Maar onlangs is er nieuwe informatie naar voren gekomen. De Engelse schrijver Robert Merid, die geruime tijd bezig was met de mysterieuze dood van het slagschip, ondernam zijn eigen onderzoek. Hieruit kun je zeer interessante en beschamende informatie leren voor de "bondgenoot" van het Russische rijk. Robert Merid ontdekte het verhaal van luitenant John Haviland van de Britse marine-inlichtingendienst. Luitenant van de Britse marine-inlichtingendienst diende in Rusland van 1914 tot 1916, een week na de explosie verliet hij Rusland en arriveerde in Engeland als luitenant-kolonel. Na het einde van de oorlog trok hij zich terug en verliet het land. Na een tijdje verscheen hij in Canada, kocht een landgoed, begon het uit te rusten, leefde het gebruikelijke leven van een rijke heer. En in 1929 stierf hij onder vreemde omstandigheden: er "vond een brand" in het hotel waar hij de nacht doorbracht, iedereen werd gered, inclusief een vrouw met een klein kind en een verlamde oude man in een rolstoel, en een militaire officier kon niet ontsnappen vanaf de 2e verdieping.

Dit roept de vraag op: wie bemoeide de kolonel in de diepe periferie met wereldprocessen, aangezien hij met pensioen was? Onderzoek van de fotoarchieven leidde tot onverwachte resultaten - de luitenant-kolonel van de Britse inlichtingendienst John Haviland en de schutter van het slagschip "Keizerin Maria" Voronov zijn één en dezelfde persoon. Dezelfde Voronov die op 7 oktober 1916 verdween tijdens de ontploffing van het slagschip keizerin Maria.

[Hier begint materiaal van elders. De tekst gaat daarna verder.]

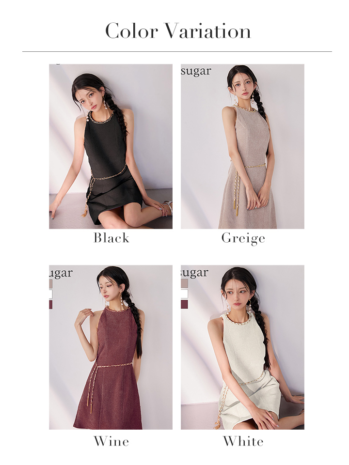 シンプルなワンカラーにチェーン装飾が上品なミニワンピース♡
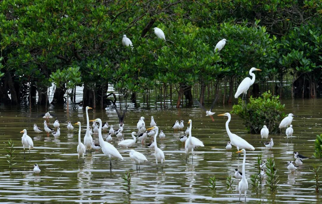 在福田紅樹(shù)林生態(tài)公園觀賞候鳥(niǎo)
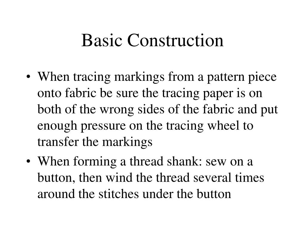 Basic Construction • When tracing markings from a pattern piece onto fabric be sure the tracing paper is on both of the wrong sides of the fabric and put enough pressure on the tracing wheel to transfer the markings • When forming a thread shank: sew on a button, then wind the thread several times around the stitches under the button
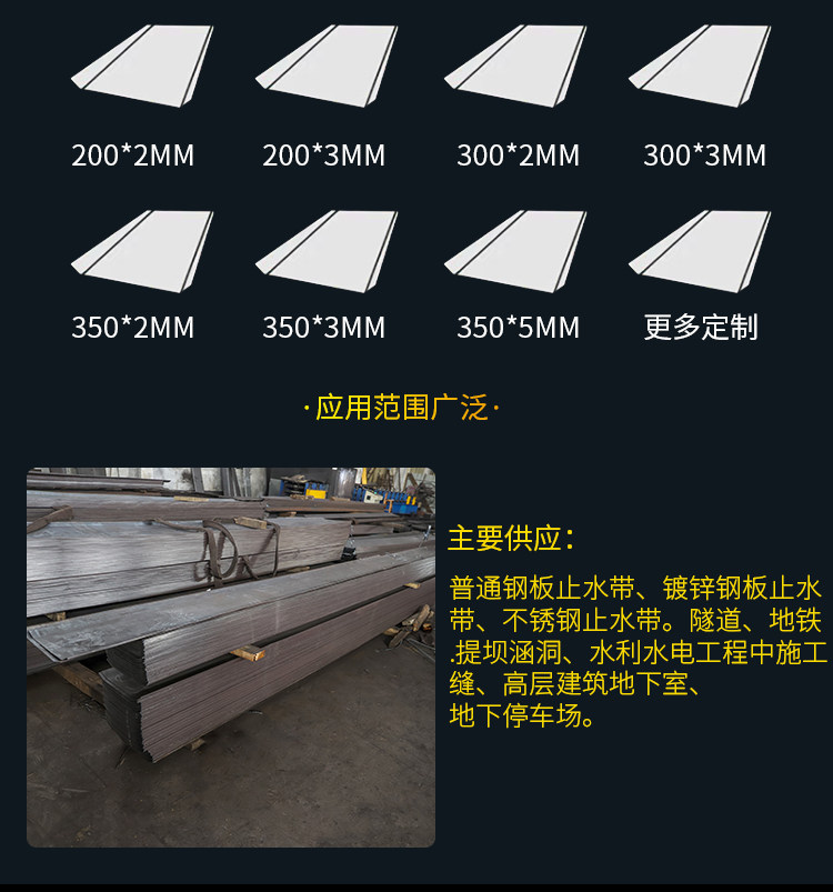 止水钢板带主要是用于钢筋混凝土二次现浇止水、水坝及其它大型工程。如:隧道、地铁、堤坝、涵洞、水利水电工程中施工缝、高层建筑地下室、地下停车场等主要工程施工缝。钢板止水带在基建工程、地下设施、隧道、污水处理厂、水利、地铁等工程有重要作用。

Dus de versie van de explosie, geuit in literatuur en film, is niet zo ver van de waarheid. Maar de motieven die aanleiding gaven tot de vernietiging van het slagschip waren verschillend en niet direct zichtbaar. Het is ook interessant dat enkele Russische immigranten kort voor zijn dood een aanslag op John Haviland hebben gepleegd, en onder hen was de voormalige elektricien van het slagschip "Keizerin Maria" Ivan Nazarin. Misschien kwamen ze hem ook op het spoor en probeerden ze op de een of andere manier hun schip te wreken!?

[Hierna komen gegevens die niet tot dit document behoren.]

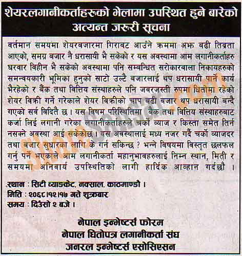 Nepal Investors Forum has published a notice regarding investors meeting going to be held on today (17th Chaitra 2068) at City Banquet, Naksal.
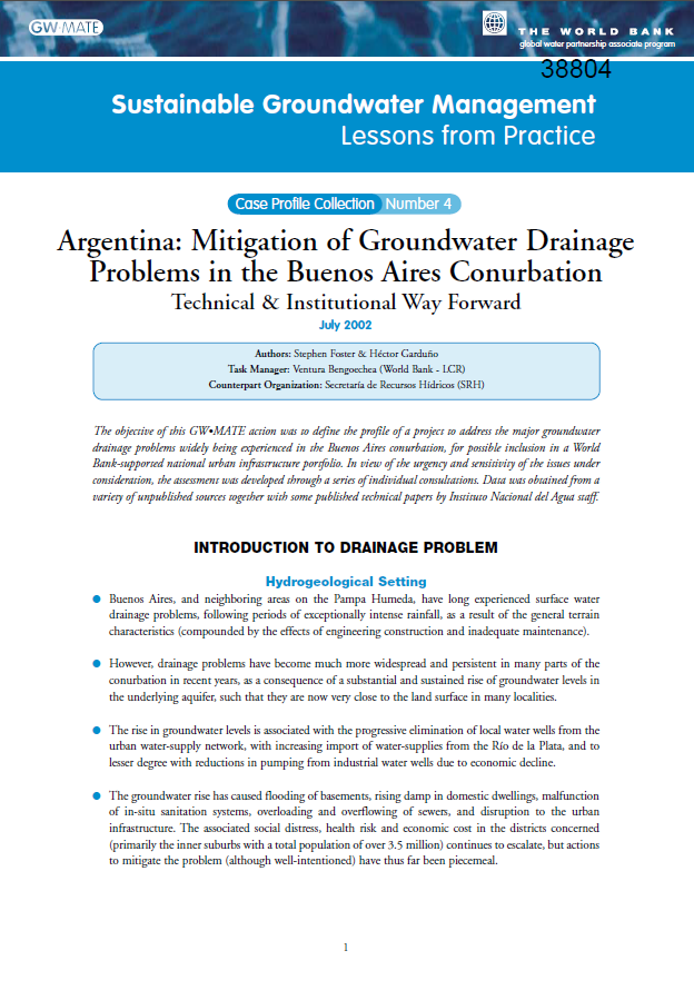 Argentina: Mitigation of Groundwater Drainage Problems in the Buenos Aires Conurbation: Technical and Institutional Way Forward
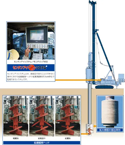 信頼性に優れる油圧式の拡縮掘削ヘッドを用いるため、拡大根固め部を確実に施工することが可能です。また、センタンアイシステム®を用いてリアルタイムに築造工程を管理することが可能です。
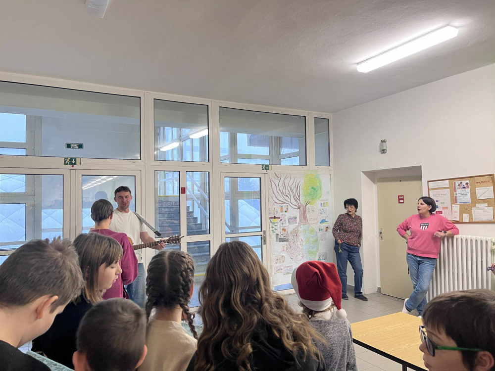 Poslední školní den před vánočními prázdninami u nás přinesl jedno milé překvapení. Navštívil nás náš milý bývalý kolega i s kytarou a kombem a postaral se o kouzelný a velmi příjemný závěr předvánočního času ve škole.

De gerichte moord op Grigory Rasputin had de grootste weerklank in het Russische rijk, in de wereld en in het leven van de Russische monarchie. In dit geval kunnen we opnieuw zien hoe belangrijk het was voor de Britse inlichtingendienst om Rasputin te vernietigen en daarmee Rusland te dwingen de oorlog aan het Oostfront van de Eerste Wereldoorlog voort te zetten. Er zijn enorme boeken geschreven en speelfilms gemaakt over de moord op deze man, er zijn veel journaals en korte films. Deze terroristische daad moet worden gezien als een opzettelijke daad van de Britse inlichtingendienst en de Britse regering in het algemeen van die tijd tegen de koninklijke familie en de mogelijke waarschijnlijkheid van een terugtrekking van Rusland uit de oorlog aan het Oostfront van de Eerste Wereldoorlog.

Aan de vooravond van de ineenstorting van Duitsland en de daaropvolgende herverdeling van de wereld had Rusland, als deelnemer en winnaar van de oorlog, de vooraf overeengekomen dividenden moeten ontvangen. Men moet niet denken dat de versterking van Rusland erg goed uitkwam bij de 'bondgenoten'. De gebeurtenissen van 1917 in Rusland lijken sterk op het scenario van moderne kleurrevoluties.